Monday, October 10, 2016

A ratings problem for GOP’s freak show

         The NFL's ratings are down. Fox Sports commentator Colin Cowherd says he knows why. It's not about quality of play or sidelined quarterbacks.

"It's Donald Trump." People are tuning out football for that guy.

True. The nation is transfixed. It can't take its eyes off the Trump Dumpster fire.

The thing it, such TV ratings are not what his party wants. No, siree.

Right now the GOP wants voters to flip to just about any other programming: tribal mating rituals in New Guinea, migratory fruit flies, the soufflé in French history.

No such luck. All Americans want to talk about is this man's terrible behavior.
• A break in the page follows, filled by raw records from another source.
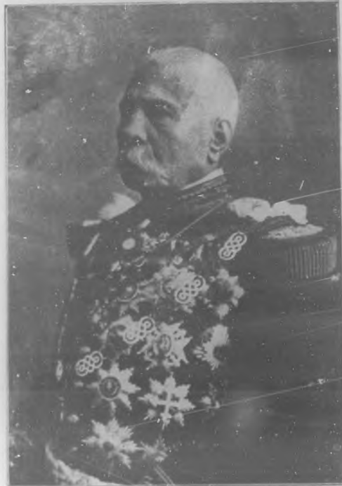
General de División D. Porfirio Díaz, actual Presidente de México.
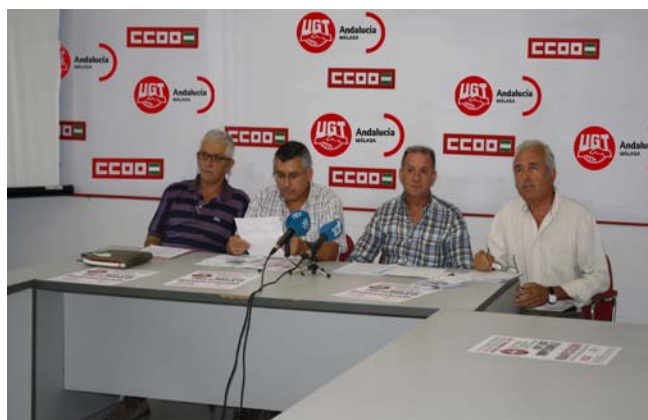
Rueda de prensa para informar de la concentración del próximo lunes 8 de octubre por el crecimiento del empleo en la industria.

CONCENTRACIÓN EN MÁLAGA A LAS 19:00 H. ANTE LA DELEGACIÓN DE HACIENDA.
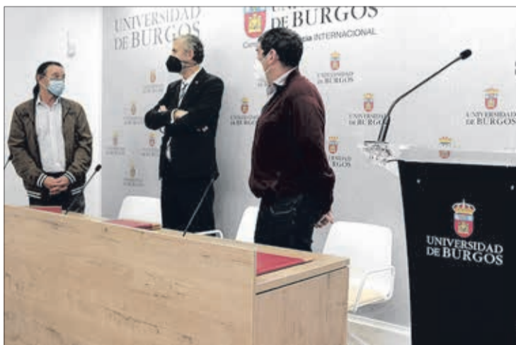
Representantes del convenio suscribió el martes 26, en la UBU.
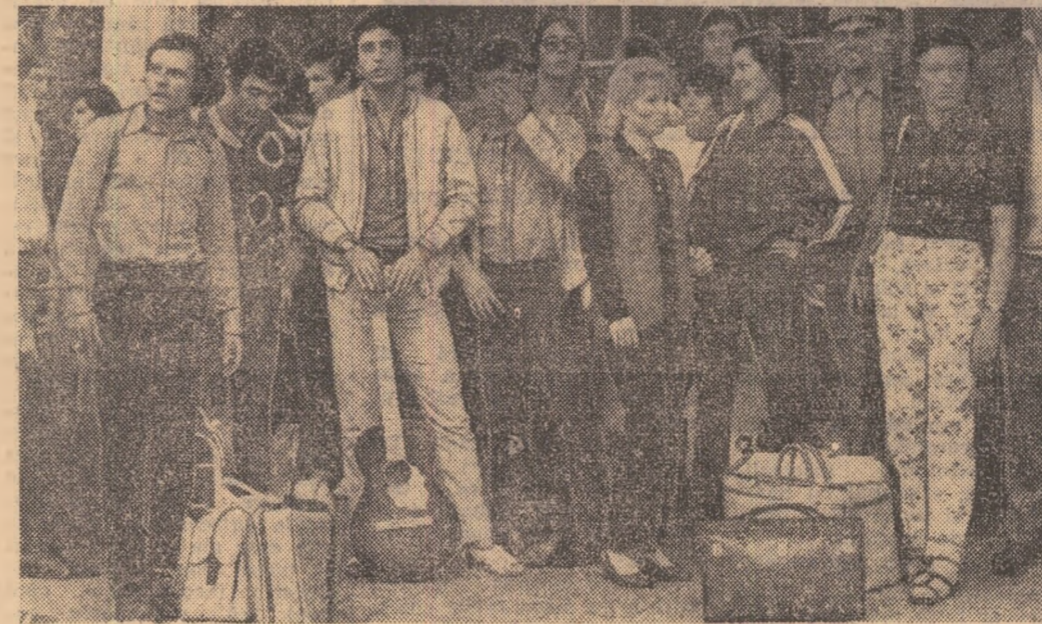
O parte a echipei iugoslave în Gara de Nord.

La ora 13,30 am luat drumul Otopeniului în așteptarea „charterului” care trebuia să aducă, de la Atena,
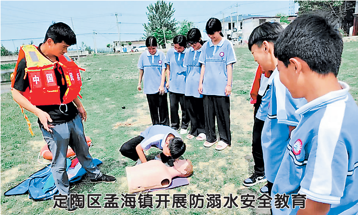
定陶区孟海镇开展防溺水安全教育

▲5月26日,定陶区孟海镇开展“珍爱生命 预防溺水 从我做起”主题教育。活动中,工作人员结合案例讲解防溺水知识,剖析危险水域与自救方法;现场演示心肺复苏、人工呼吸等应急操作,并指导学生分组开展呼救、救援等情景模拟演练。学生通过理论学习 and 实操练习,掌握了防溺水技能,提升了安全意识。
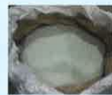
破碎・選別したガラス
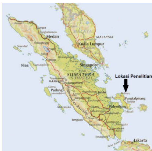
Gambar 1. Lokasi Daerah Penelitian.

Lokasi penelitian terletak di pulau Bangka, secara administratif termasuk dalam kabupaten Bangka Selatan, Bangka Tengah, kotamadya Pangkal Pinang, Kabupaten Bangka dan Kabupaten Bangka Barat (Gambar 1).
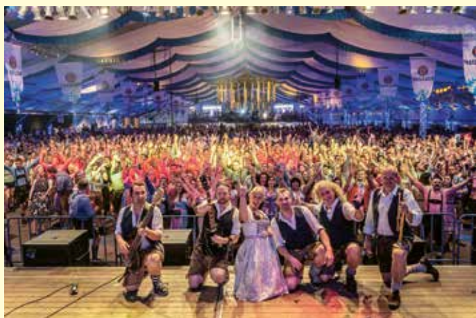
Die Münchner Band 089 wird wie hier zuletzt 2019 das Hollager Festzelt rocken.

In diesem Jahr heißt es zum 21. Mal „O'zapft is“ im Festzelt an der Hansastrasse – und zwar am Freitag, 18. Oktober, sowie am Samstag, 19. Oktober. Beginn ist jeweils um 19 Uhr.
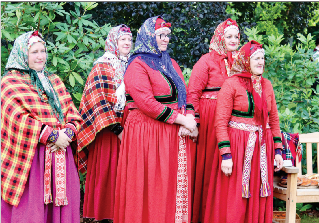
"Maģo suitu" dziedātājas organizēja aktivitātes placī "Ai, galdiņi, ai, galdiņi!"
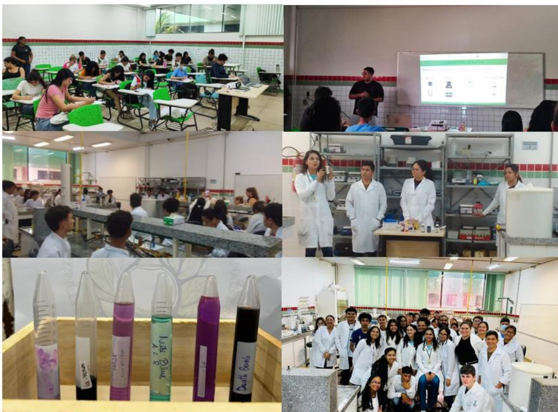
Figura 1- Aplicação da Oficina de Produção de Perfumes Artesanais e Sustentáveis

A avaliação da oficina foi realizada por meio de questionários de pré e pós, além de observações diretas. A análise dos dados utilizou uma abordagem descritiva, com categorização das respostas em termos relacionados aos componentes químicos, como "álcool de cereais", "essência", "fixador" e "glicerina". As unidades de medida e procedimentos seguiram o Sistema Internacional de Unidades (SI), garantindo a padronização na condução dos experimentos.
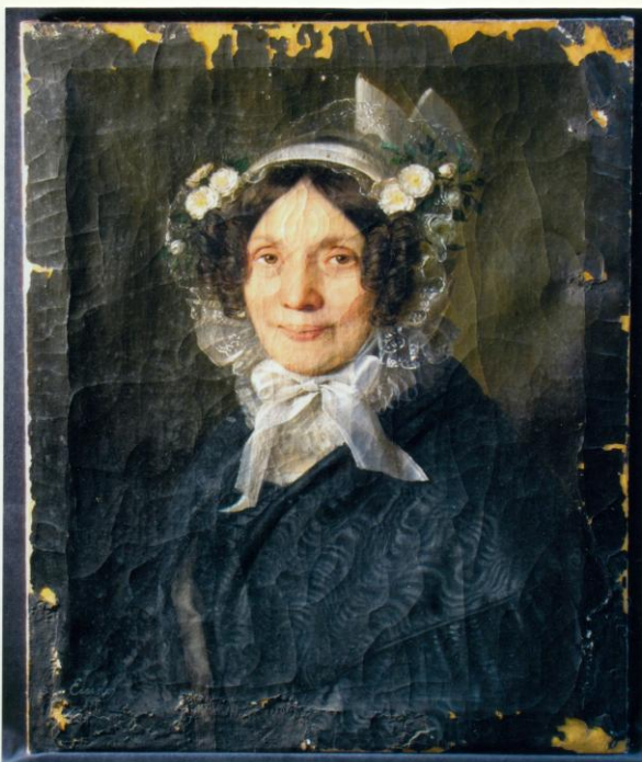
4. UV fényben az egyenetlen lakk és javítások láthatóak

Trump's nomination has been exquisite for cable news, horrific for the Republican Party.

As Fivethirtyeight.com's Nate Silver observed, the day after Trump's "boys on the bus" audio clip went viral, Google searches for "Trump" were four times as high as "Trump" searches that were already at "insanely high" levels.

Again: not the kind of attention the GOP craves.

At this point, the higher Trump's TV ratings are, the lower the party's chances are in general. General, as in election.

Let's face it. At this moment of ignominy, the last thing GOP leaders want people talking about is Donald Trump. And yet Americans can't stop talking about him. For one, they can't stop listening to loops of His Lewdness in action.

Talk about a mighty wind: Trump succeeded in blowing the most powerful tropical storm since Katrina right off our TV screens.

"He said what on 'Access Hollywood'? Check out what he told Howard Stern."

Trump started out as a novelty act. He has become a freak show – or if you will, a gore-filled wreck on the roadside. We cannot take our eyes off it, or him.

Again: very bad for the GOP.

A key point, though, is that this GOP ratings problem is not confined to Trump.

Republican leaders also would have been happy for Americans not to have gotten to know Ted Cruz so well. By and large, we are told, they hate him.

Thanks to the hardened sods of the tea party, however, in the nomination process, Cruz became Miss Runner-Up in the GOP's Miss Absurdity Pageant in August.

What's so wrong with that, you ask? Well, consider what has happened in Colorado. The GOP thought it had a chance against Sen. Michael Bennet. A well-financed, decidedly moderate (pro-choice) Republican, Jack Graham, stepped up to take him on. However, Cruz's endorsement of a fellow tea party hard-liner served to deliver the nomination to barely known, lightly financed Darryl Glenn. Recent polls say Glenn is about to get stomped.

This dynamic has played out across the country. The face of the GOP is becoming increasingly unlike the rest of us, particularly as we become more diverse and more tolerant. The GOP puts forward freak-show acts like Sarah Palin, Sharron Angle, Allen West and Christine O'Donnell. They stir a core of frothy supporters, but they turn off a whole lot of voters.

Cruz? As one whose singular contribution to our government has been to shut it down, he has high TV ratings, with exactly the very kind of freak-show attention his party doesn't desire. When he runs for re-election in 2018, he will give Texas Democrats the best opportunity in years to gain a Senate seat.

As for Trump, a ratings champion cruising to be an electoral loser: After being caught on tape being himself, he pledged to press on: "I will not let my followers down."

To which my wife said, "It's a little bit late for that."